How much photons are released during such a process in relation to each electron? I'm totally new at laser technology, but I'm pretty interested. Sean, you do seem to have a wealth of knowledge regarding this subject. You seem to be the one to talk to...
Regarding "how much light is released" when an electron changes energy states, the answer is easy: exactly one photon is released when an electron jumps from a higher energy state down to a lower energy state. The energy release in the state change is in the form of a photon. The wavelength of the photon which gives the light its apparnet color is exactly proportional to the difference in energy state change. Just the opposite occurs when a photon strikes an electron and bumps it UP in energy state - the electron receives the energy of the photon which gets absorbed.
As for the question of whether magnetism can affect photons, I must say I really don't know for sure, but if gravity can affect photons and magnetism can affect a whole array of subatomic particles, I'd be surprised if it was impossible. There are super-magnetic machines that are capable of crushing even non-metallic (normally "non-magnetic") materials. Even an apple can be magnetized in a powerful enough field - how powerful would the field have to be to magnetize a photon?

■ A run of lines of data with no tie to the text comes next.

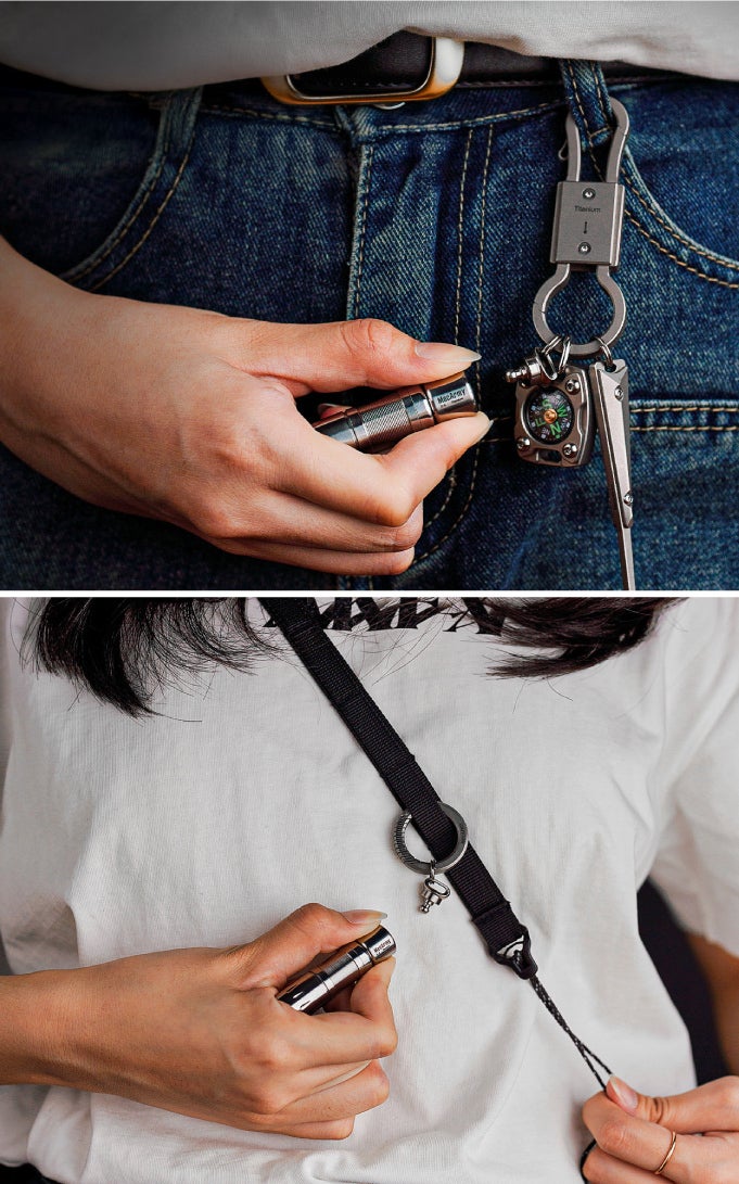 MecArmy X6は長さが約44.5mm、重さがわずか26グラムです。非常に軽量でコンパクトな設計のため、キーチェーンに取り付けて手軽に持ち運べます。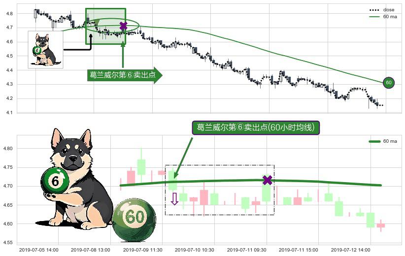形态多维评估: ⚀ 2019-07-09 13:00:00-小时显现 葛兰威尔均线 60小时均线 第⑥卖出点 走势反转见顶信号,后市看跌,卖出信号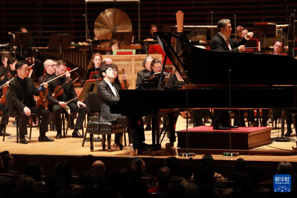 1月12日,在美國費城,中國鋼琴家張昊辰(中)在2024年費城交響樂團新春音樂會上演出。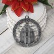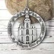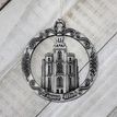 This keepsake ornament proudly displays the beautiful temple in an antique silver finish. The ornament is 3" inches in diameter and features a silver string attachment to hang on your Christmas tree or a chrome plated ornament stand also available from Ringmasters. Perfect for weddings or anniversaries, bring this beautiful temple ornament into your home.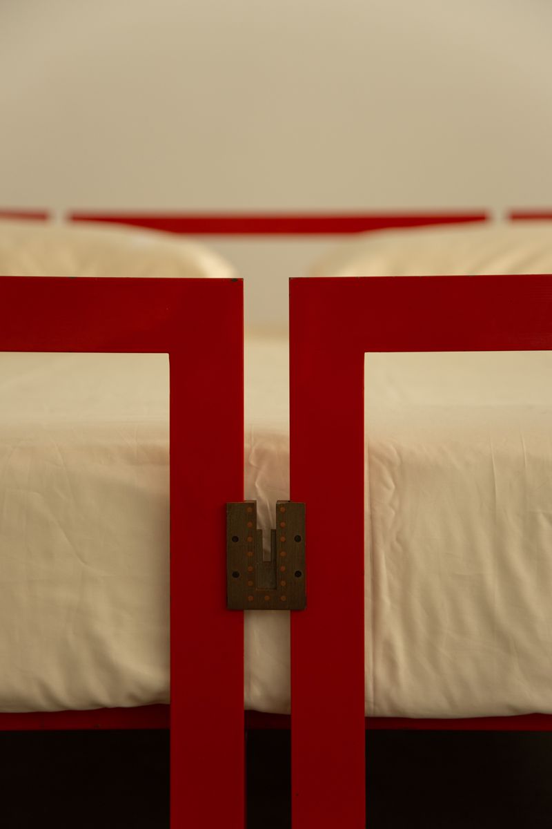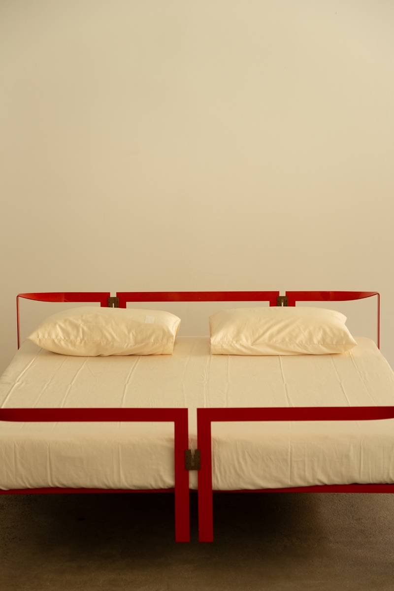 Striking bed design featuring a powder-lacquered metal frame in bold China red. The structure includes a matching headboard and footrest, with the support frame and base constructed from tubular metal. Stainless steel linking elements add a refined, decorative touch to the geometric composition.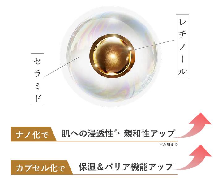レチノールは空気中で分解されるはたらきがあるため、セラミドで作られたカプセルにレチノールを格納することで、分解を防いでいます。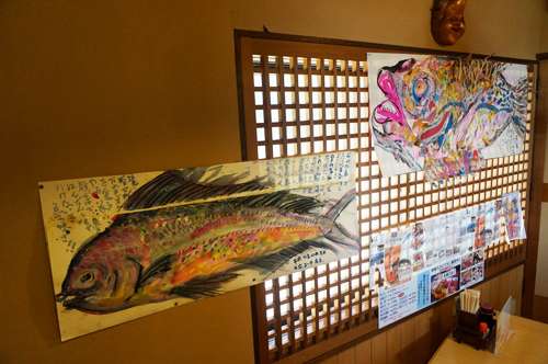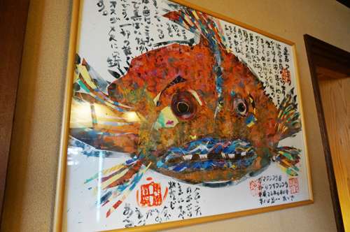 今回のお目當ては、まつや定食(稅込み2700円)と1日限定20食の海鮮丼(稅込み1,296円)です。 さっそく注文すると、殘念ながら海鮮丼は売り切れ。かわりに1日限定20食のウニ丼セット(稅込み2,160円)を注文しました。 お店の至る所に飾ってある大將直筆の水彩畫を鑑賞しながら料理を待ちます。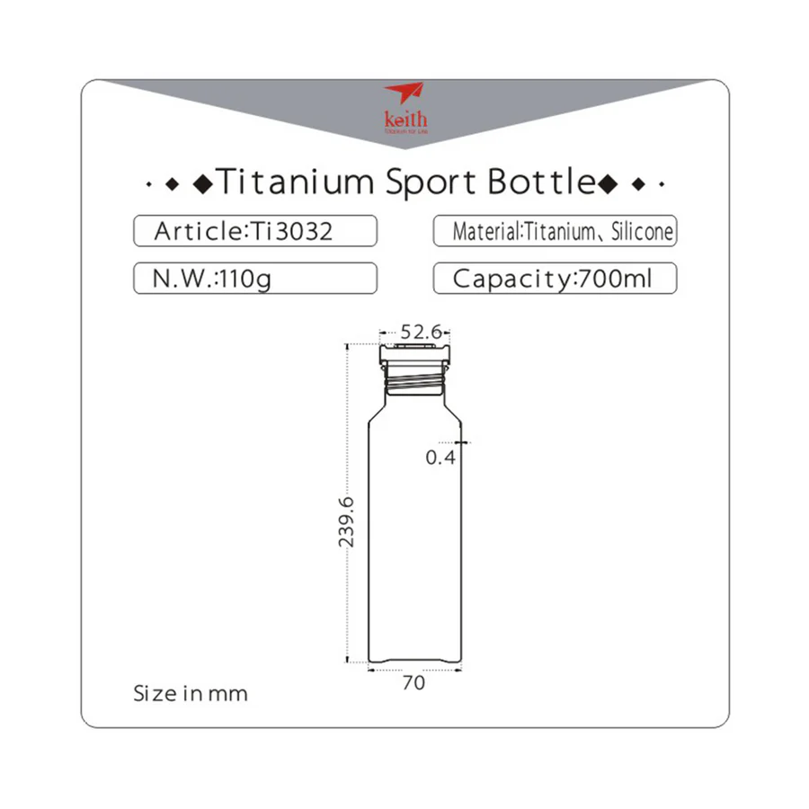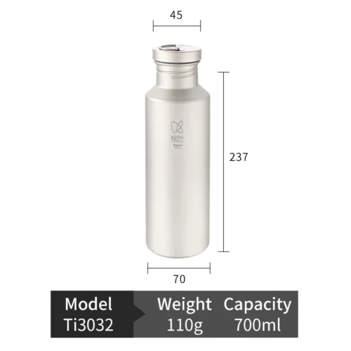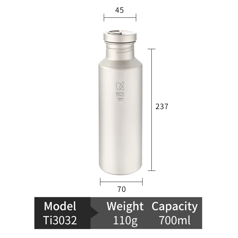 รายละเอียด : ขวดน้ำไทเทเนียมจาก keith ขนาด 700ml ผลิตจากโลหะไทเทเนียมความบริสุทธิ์ 99.9% น้ำหนักเบา หนักเพียง 110 กรัม เพราะผลิตจากไทเทเนียมจึงมีคุณสมบัติที่แข็งแรงทนทาน ไม่มีสารพิษ ปลอดภัยในการใช้ ไม่เป็นสนิม ทนการกัดกร่อน และทนความร้อนได้สูงถึง 1600 องศาเซลเซียส จึงไม่เสียรูปจากการโดนความร้อน ยิ่งอยู่ในที่เย็นมาก ไทเทเนียมจะมีความแข็งแรงมากยิ่งขึ้นได้ถึงระดับความเย็น – 253 องศาเซลเซียส จึงไม่เเปราะเวลาโดนความเย็นมากๆเหมือนวัสดุอื่น ขนาดเล็กพกพาง่าย ที่ผิวขัดทราย ให้ความหรูหราของขวดน้ำไทเทเนียม เหมาะสำหรับเป็นขวดน้ำพกติดตัวในการเดินทางทุกรูปแบบ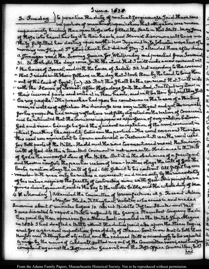 View full, authoritative transcriptions with page images of the diaries at John Quincy Adams Digital Diary part of the Primary Source Cooperative at the MHS.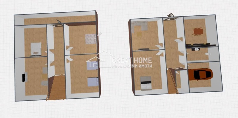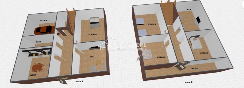 Къща 2 етажа по 100 кв.м всеки + 100 кв.м таванско помещение, което може да се превърне в допълнително жилищно пространство.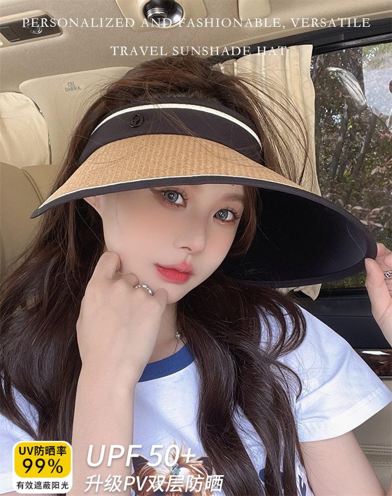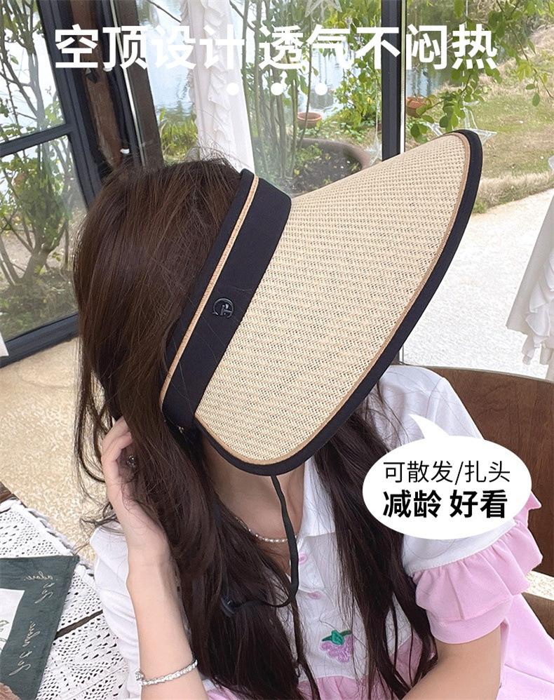 Gorra de protección solar parte superior vacía UV rafia sombrero parasol sombrero de copa vacía protección UV sombrero para el sol sombrero de paja verano Mujeres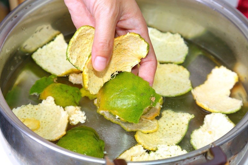 Orange peels have natural cleaning properties and can remove dirt and odors. Put the orange peels in a pot, add an appropriate amount of water, bring to a boil, then reduce to a simmer and cook for about 10 minutes.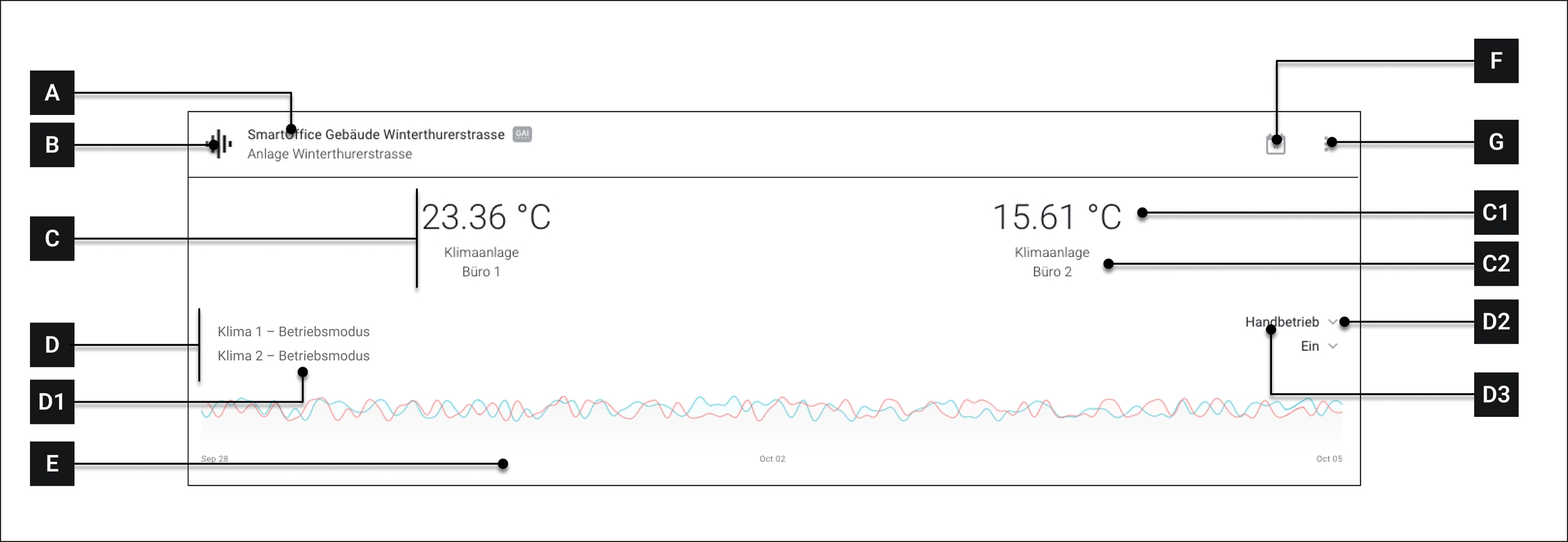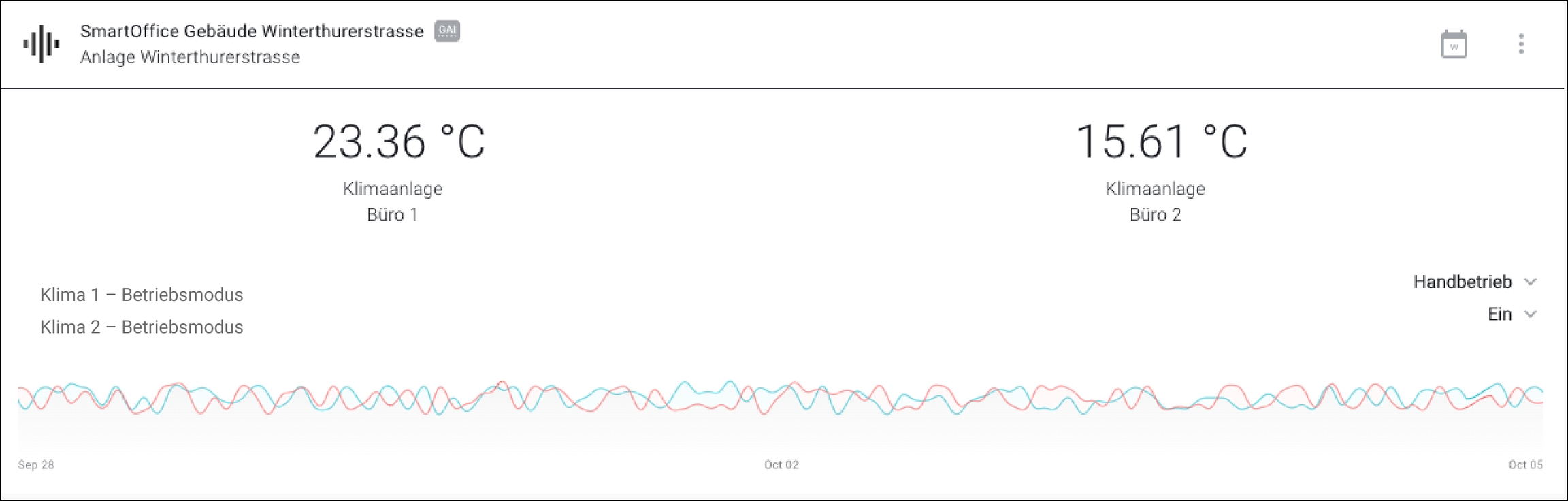 Im Beispiel bezieht sich die Auswahl auf "Klima 1 - Betriebsmodus" und befindet sich im Zustand "Handbetrieb".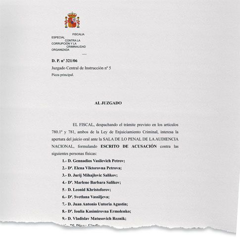 Дело № 321/2006, известное как дело «русской мафии в Испании», передано в уголовную палату Национального суда Испании в Мадриде. «Группировка интегрирована в полицейские институты России», — говорится в обвинении. The New Times прочитал обвинительное заключение, поговорил со следственным прокурором и выяснил подробности и перспективы уголовного дела
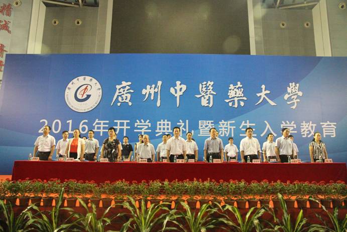 9月8日,2016年开学典礼在大学城校区举行,4800多名境内外新生参加。校领导黄斌、王省良、陈英华、张建华、许能贵、潘华峰、林彬,国医大师禤国维教授及相关管理部门和各学院负责人出席。党委副书记陈英华主持开学典礼。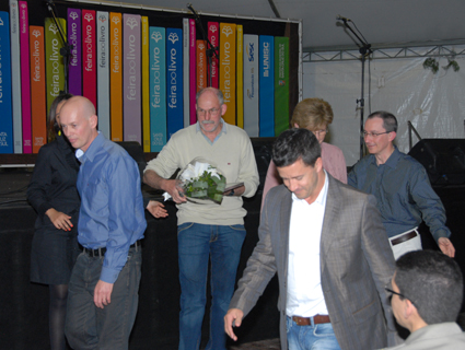 Ao final das falas da autoridades presentes, o escritor homenageado desta edição da Feira, Mauro Klafke recebeu uma placa e flores em reconhecimento ao seu trabalho.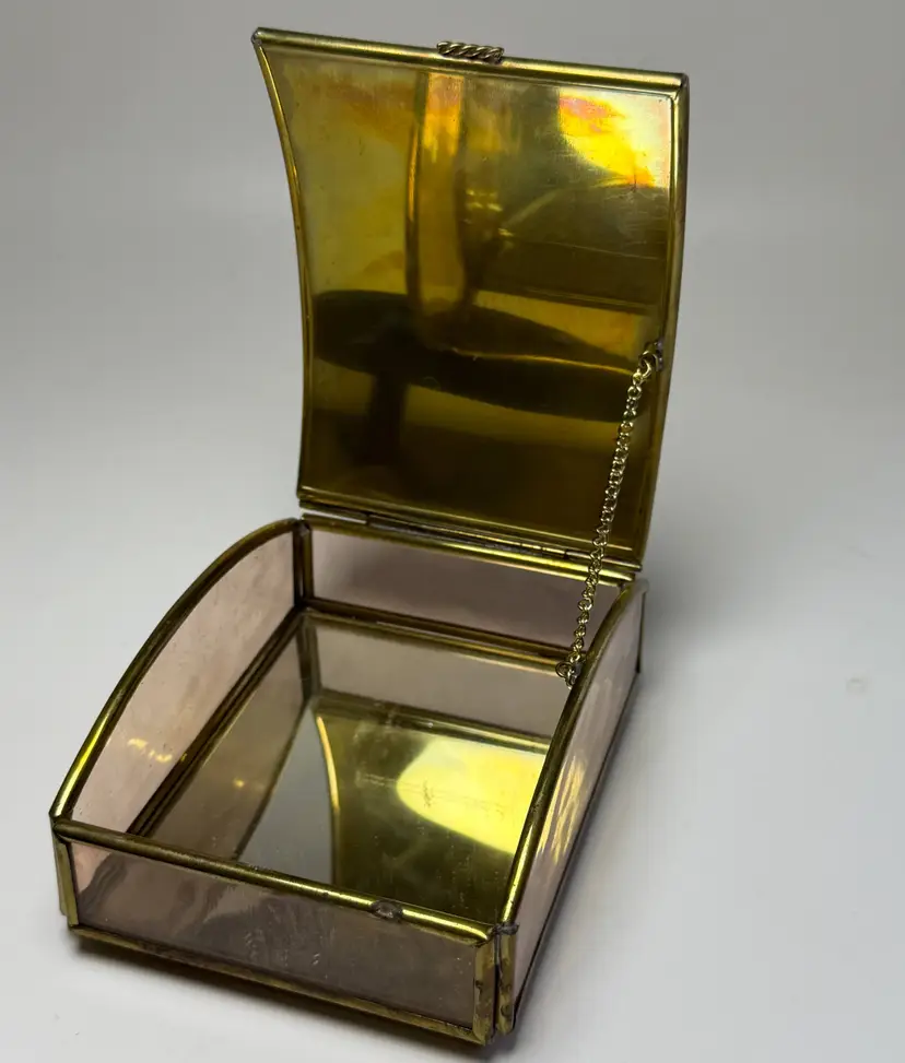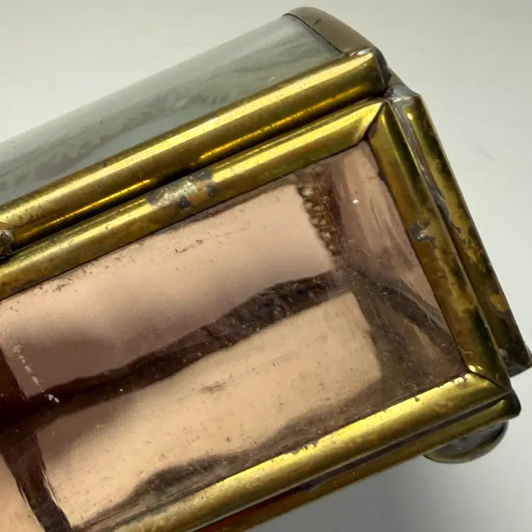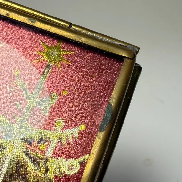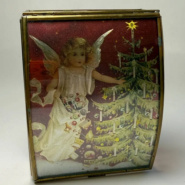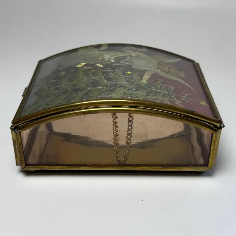 Via Vermont Stained Pink Glass Brass Trinket Box Foil Victorian Angel Christmas Tree. 2.25" tall x 5" x 4". Good condition with some light wear as shown. No chips, no cracks. Mirror inside on bottom.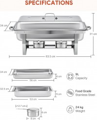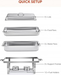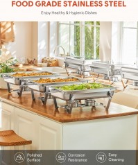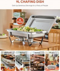 Jede Pfanne dieses 6-teiligen Chafing Dish Sets fasst bis zu 9 Liter Buffet-Set
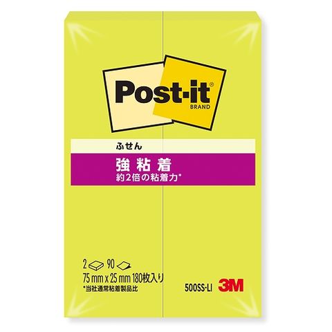 スリーエム(3M) ポストイット 強粘着ふせん アシッドライム 75×25mm 入数:1パック(2パッド) 500SS-LI(69228)

ahhhhh... thanks sean, i hadn't even thought about the gravity of the situation ("groan", bad pun i know.) gravity is tied to the electromagnetic force somehow. we just haven't figured it out yet. we've unified the electromagnetic and the weak force. we just have to tie in the strong force and gravity somehow. thanks.
06-24-2003 09:42 PM
Cool, liked that sound bit
i'd like to explain my understanding of a few things and then ask a question of you. in a crt, there are plates on each side that vary in magnetic force. this force adjusts the vector of the electron beam that 'draws' the screen when it strikes the phosphors on the screen. now, the smallest particle that has a charge is the electron. photons are emitted by electrons when they change energy states. so i said all that so that i could ask this: is it possible to use an EM force as a kind of 'wave guide' for a laser? if i'm wrong in any of this please tell me. i'm just trying to learn a little something, and you seem to be pretty well informed.